Throughout the 1970s and into the ’80s, George Clinton’s dual projects of Parliament and Funkadelic and their various spinoffs built upon the sounds of James Brown and Sly and the Family Stone among others and turned out some of the most complex, spaced out, political, cartoonish and, of course, danceable music of the era, elevating the funk groove to a world view.

With a core group featuring Worrell, guitarist Eddie Hazel and bassist Bootsy Collins, P-Funk maintained an exhausting and dazzling pace of recordings, from the hit singles “Give Up the Funk (Tear the Roof off the Sucker)” and “Flash Light” to such albums as “One Nation Under a Groove” and “Funkentelechy Vs. the Placebo Syndrome.” And the studio music was just a starting point for the live shows, costumed spectaculars of wide-brimmed hats, war paint, dashikis, military gear or perhaps a white sheet with only a fig leaf underneath.

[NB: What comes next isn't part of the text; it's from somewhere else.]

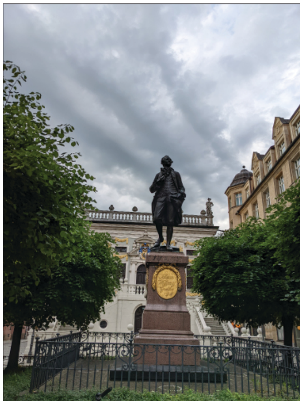
Abb. 4: Goethe vor der Alten Börse

Worrell was among the first musicians to use a Moog synthesizer, and his mastery brought comparisons to Jimi Hendrix’s innovations on guitar. Anything seemed possible when he was on keyboards, conjuring squiggles, squirts, stutters and hiccups on Parliament’s “Flash Light” that sounded like funk as if conceived by Martians. On Funkadelic’s “Atmosphere,” his chatty organ prelude, like a mash-up of Bach and “The Munsters,” set up some of Clinton’s more unprintable lyrics.

Worrell’s contributions as a keyboardist, writer and arranger didn’t bring him a lot of money, the source of much legal action and fierce criticism of Clinton, but fellow musicians paid attention. He played with Talking Heads for much of the 1980s and was featured in their acclaimed concert documentary “Stop Making Sense.” Worrell also contributed to albums by Keith Richards, Yoko Ono, Nona Hendryx, Manu Dibango and the Pretenders. In 2015, he was a member of Meryl Streep’s backing group in the movie “Ricki and the Flash.”

“Kindness comes off that man like stardust,” Streep said during a 2016 benefit concert for Worrell at Manhattan’s Webster Hall.